Story for performance #588
webcast from Sydney at 08:03PM, 29 Jan 07

Under-bite. Under-bite and tight little lips. A black baseball cap with some corporate insignia. He leans into the wind. Holds his fists tight. Underbite thrust ahead. Sucking in air. Legs all pumping. He heads up the street. We lie in ambush. He turns the corner. Stones flying. Blam blam blam.

Constant change demands constant updates. And this just to hand: ‘Panic begins to set in with over-breathing’.

Everything got worse from that point. Lots of questions to answer. No real answers. They punched me in the stomach and knocked the air out of me. Then they gave me coffee. It was awful. But it was still satisfying to be doing something practical. You know what I mean?

In most cases panic sees an instant escalation of anxiety into terror. Overbreathing is a way to deal with the flight or fight response. Your body is made up of millions of cells. Haul in the air, oxygen sticks to the red blood cells, enabling it to be dragged around the anxious body.

‘I wanted to kill him’, I told them. They laughed.

Overbreathing is unpleasant, the racing heart or chest pain may be taken as a sign of a stroke or a heart attack.

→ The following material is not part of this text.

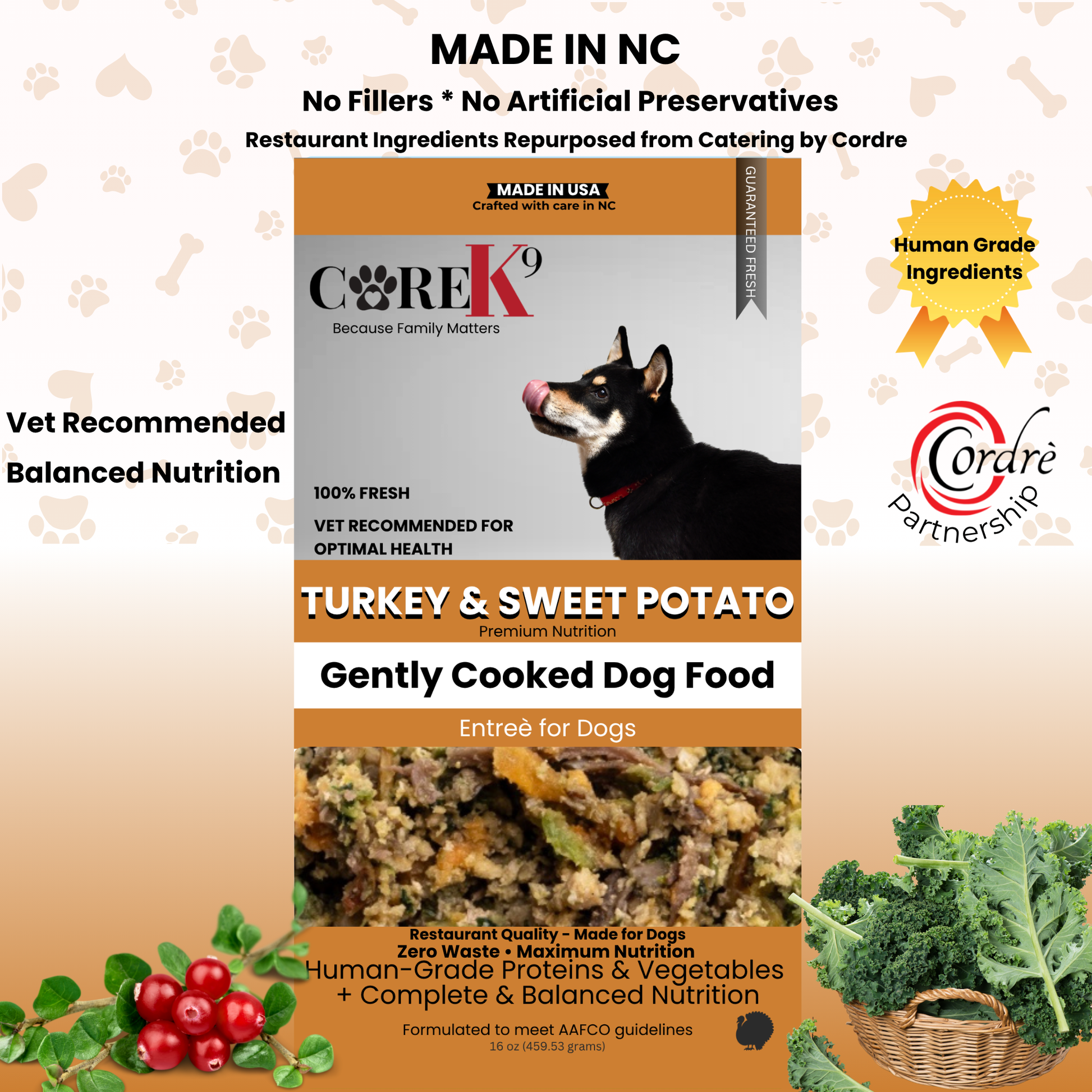 CORE K9 Turkey and Sweet Potato Entrée for Dogs is formulated to meet the AAFCO Dog Food Nutrient Profiles for Adult Maintenance. Visit your veterinarian regularly to maintain your pets health. Always provide fresh water.

In the last hour of official meetings I found myself sharing a cigarette with a young delegate from a country which is technically at war with my own.

‘I’d like to visit your country,’ I said.

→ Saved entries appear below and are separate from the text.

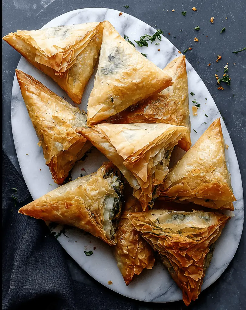 These Spanakopita Triangles are crispy Greek-inspired pastries filled with spinach, feta cheese, and herbs wrapped in flaky phyllo dough. Perfect as appetizers, snacks, or party bites, this easy spanakopita triangles recipe delivers a delicious balance of creamy filling and golden crunchy pastry.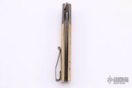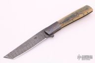 This Urban Trapper Flipper by Brad Zinker features a Vegas Forge Sharktooth Damascus tanto blade with checkered thumbrest and flipper. The handle has dovetailed ZircuTi bolsters, mammoth ivory scales, anodized  titanium liners with jeweled interiors and a tip up titanium clip. Rides on bearings, nice detent, lockup and blade seating. Comes with zippered case. New from maker at the 2021 ICCE show.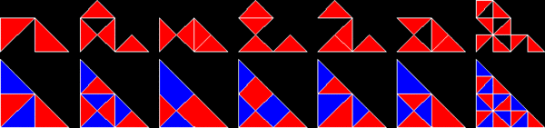 Some rep-tiles are based on polyforms like polyiamonds and polyominoes, or shapes created by laying equilateral triangles and squares edge-to-edge.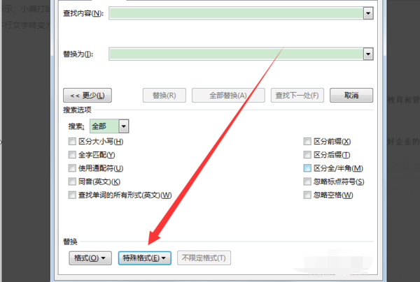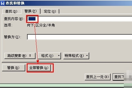 7、被替换为的内容为空,点击全部替换。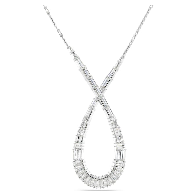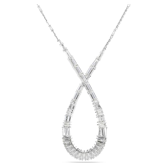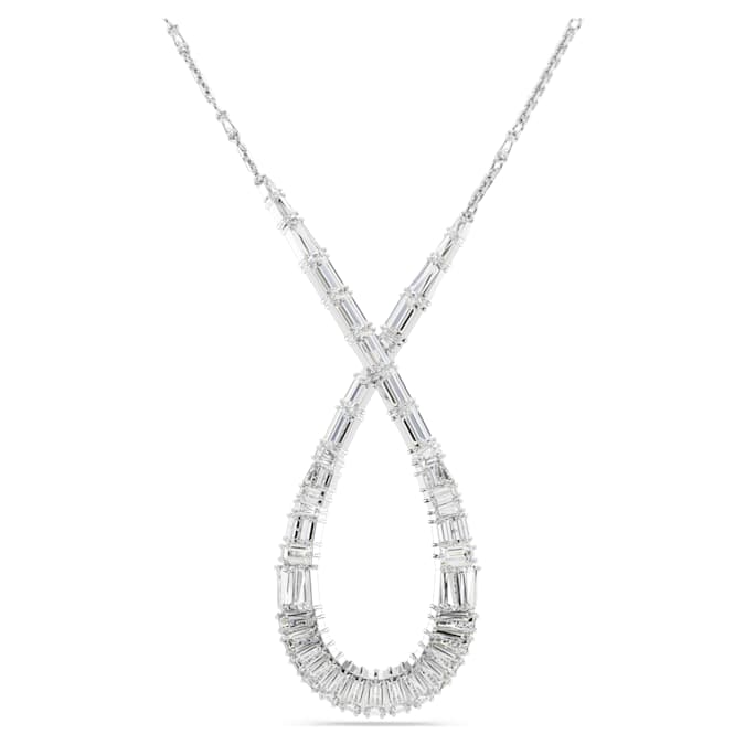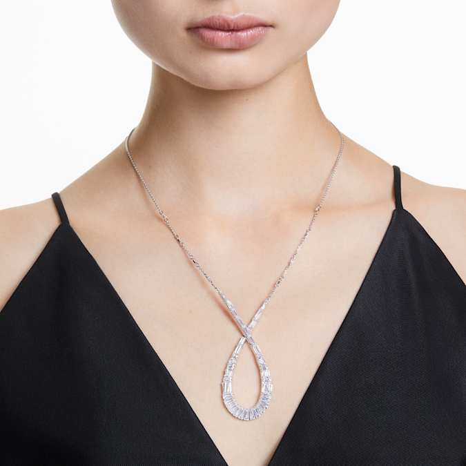 Crafted with exquisite artistry and savoir-faire, this Hyperbola Infinity pendant is an elegant vision of eternal beauty. The rhodium-plated jewelry features a graceful loop, which is scattered with Swarovski Zirconia in a variety of mixed cuts. Together, they produce a delicate gradient effect for a captivating tonal look. Make this statement piece the center of your style for the most sophisticated occasions.

She smiled and we got back to talking about the trees which line the road to the parliament. Poplars.

But then once oxygen is used up, carbon dioxide is produced. Carbon dioxide makes red blood cells less sticky and so oxygen becomes unstuck. Weirdly, by breathing in more oxygen and breathing out more carbon dioxide you cut the amount of oxygen reaching the blood cells.

‘No really, I would,’ I say as we prepare to part company. ‘I’ve never been there but I know it’s a place of great beauty’.

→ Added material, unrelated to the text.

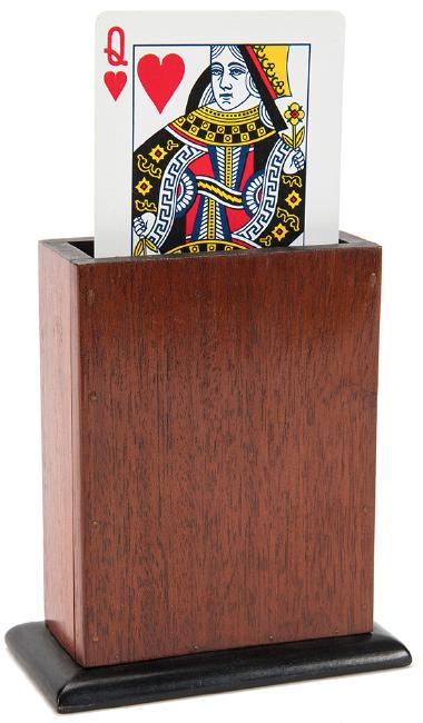 Thayer’s Latest Rising Cards. Pasadena: F.G. Thayer, ca. 1913. Three cards are chosen. Spectators examine a mahogany box and place the pack inside. The selections then rise from the box one at a time. With original instructions. 4 ¼” high. Fine. Scarce.

She shrugs, we shake hands, exchange cards, bid each other farewell.

A person who is afraid of shaking in public will become anxious when the muscles tense and shake. Anxiety is mostly felt in the chest.

After the meeting I travel across town to visit an elderly uncle. He’s recently gone into a retirement home. Or is it a ‘rest home’? I’m not sure now that I come to think of it.

An ‘old folk’s home’? It’s not a ‘village’. The village is further up the street, next to the Quaker Settlement where old ‘friends’ live out their days tending vegetables and discussing world peace.

Also this overbreathing is causing blood vessels to shrink. The oxygen released has to travel further from the blood to the cells. So oxygen is now not reaching the cells of your body or your brain.

The village is for ‘independent seniors’. Uncle S isn’t independent. He’s barely mobile these days and spends most of his time in bed in the hospital wing of the home. I take him a monster box of chocolates which means he has little time to complain about his various ailments and we sit for long periods of silence. I listen to his breathing, look at his chest, so wrinkled.

Overbreathing. Panic. Dizziness. Light-headedness. Feelings of unreality. Hot, sweaty, flushed. The second stages of overbreathing: dizziness and nausea, choking as the throat closes, muscle paralysis, blackouts.

I say, finally, ‘Write down my words you pigs. I don’t want to waste my breath on you.’

Adapted for performance by Barbara Campbell from a story by Laurence Dowse.